▶ _Aim of the task_
Print every line below exactly as written, but leave the pictures behind.

▶ _Data shown_
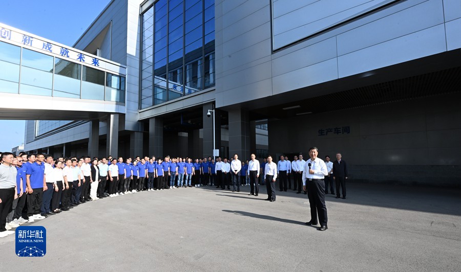 6月8日,中共中央总书记、国家主席、中央军委主席习近平在四川考察。这是8日下午,习近平在宜宾市极米光电有限公司车间外广场,同企业员工们亲切交流。新华社记者 李学仁 摄
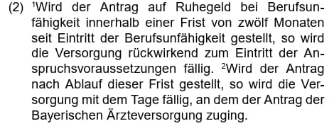 Auch müssen Mitglieder dieses Versorgungswerkes sehr schnell sein, um ihren Leistungsfall anzumelden. Schaffen Sie dies nicht innerhalb der ersten 12 Monate, zum Beispiel weil Sie es noch nicht wahrhaben wollen berufsunfähig zu sein, dann erhalten Sie die BU-Rente maximal ab der Antragstellung auf Leistung und nicht rückwirkend ab Beginn der Berufsunfähigkeit. Geregelt ist das in Paragraph 43 Absatz 2.
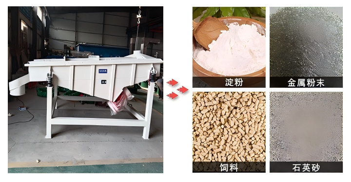 直線震動篩主要針對干式粉狀與顆粒狀散料進行篩選。其篩分范圍覆蓋廣泛,從粗顆粒如石英砂、塑料顆粒,到細粉末如面粉、金屬粉、化工原料等均能有效處理。對于具有一定流動性的濕式物料,如含水量適中的礦粉或漿料,設備通過調整傾角與激振力亦可實現固液分離或脫水作業。此外,該設備對輕質物料如木屑、活性炭,以及重質物料如金屬礦渣、磨料等不同比重特性的散料均具備良好的分級與除雜能力。
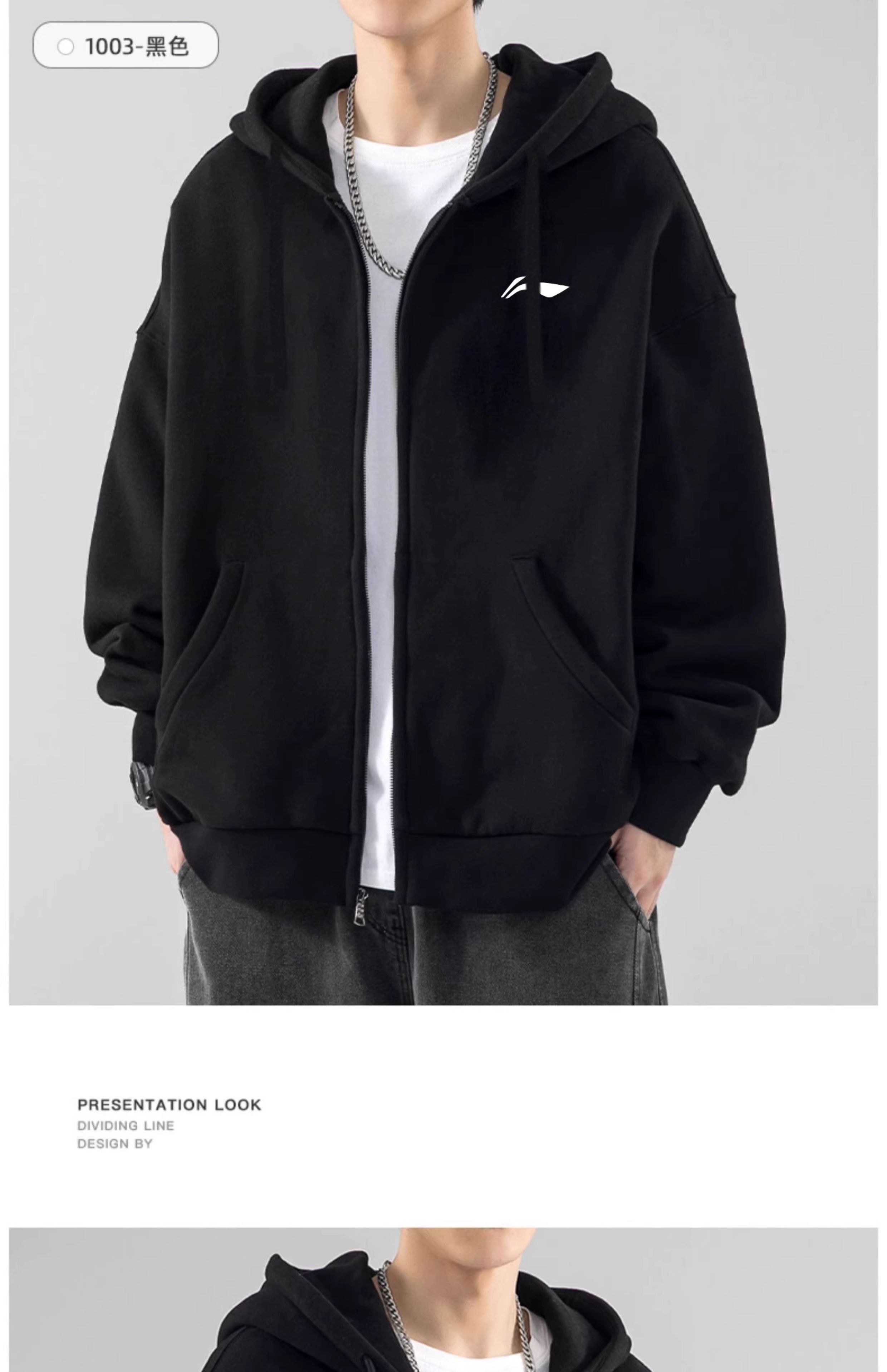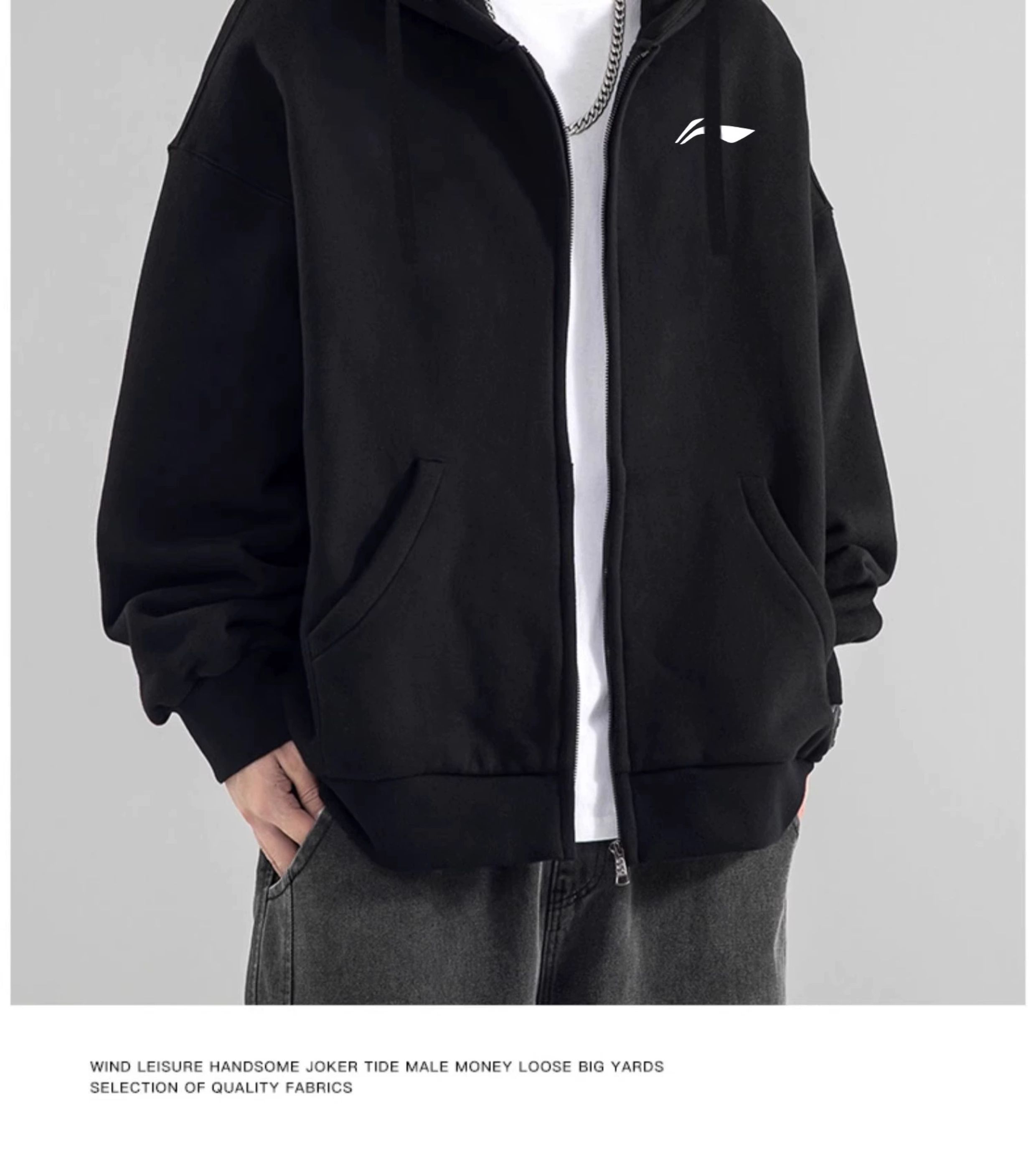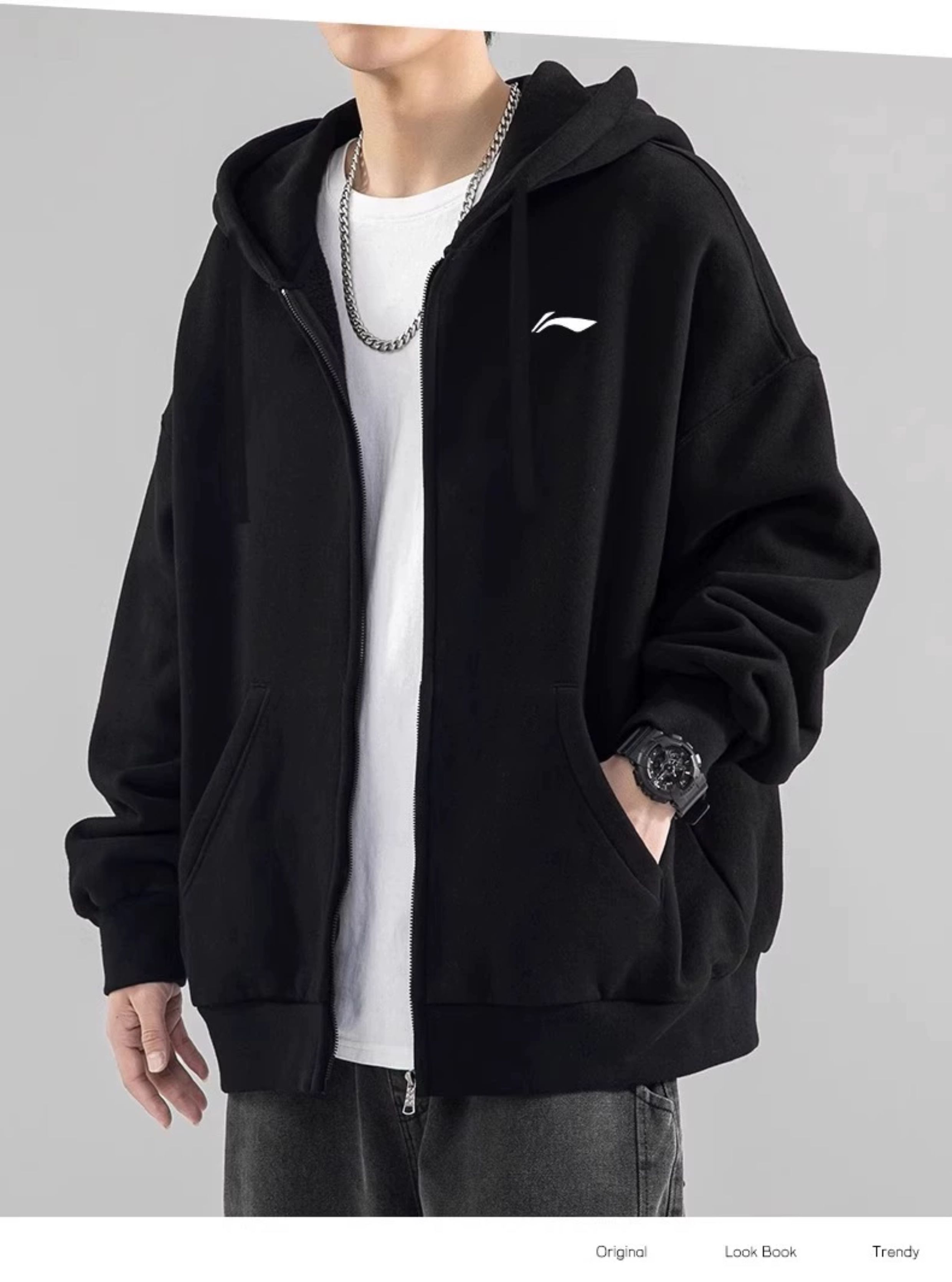 Li Ning Men's Jacket Autumn and Winter New Style Fleece-Lined Hooded Sweatshirt Men's Zip-Up Top Youth Casual Loose Sportswear

▶ _Exercise solution_
 6月8日,中共中央总书记、国家主席、中央军委主席习近平在四川考察。这是8日下午,习近平在宜宾市极米光电有限公司车间外广场,同企业员工们亲切交流。新华社记者 李学仁 摄
 Auch müssen Mitglieder dieses Versorgungswerkes sehr schnell sein, um ihren Leistungsfall anzumelden. Schaffen Sie dies nicht innerhalb der ersten 12 Monate, zum Beispiel weil Sie es noch nicht wahrhaben wollen berufsunfähig zu sein, dann erhalten Sie die BU-Rente maximal ab der Antragstellung auf Leistung und nicht rückwirkend ab Beginn der Berufsunfähigkeit. Geregelt ist das in Paragraph 43 Absatz 2.
 直線震動篩主要針對干式粉狀與顆粒狀散料進行篩選。其篩分范圍覆蓋廣泛,從粗顆粒如石英砂、塑料顆粒,到細粉末如面粉、金屬粉、化工原料等均能有效處理。對于具有一定流動性的濕式物料,如含水量適中的礦粉或漿料,設備通過調整傾角與激振力亦可實現固液分離或脫水作業。此外,該設備對輕質物料如木屑、活性炭,以及重質物料如金屬礦渣、磨料等不同比重特性的散料均具備良好的分級與除雜能力。
 Li Ning Men's Jacket Autumn and Winter New Style Fleece-Lined Hooded Sweatshirt Men's Zip-Up Top Youth Casual Loose Sportswear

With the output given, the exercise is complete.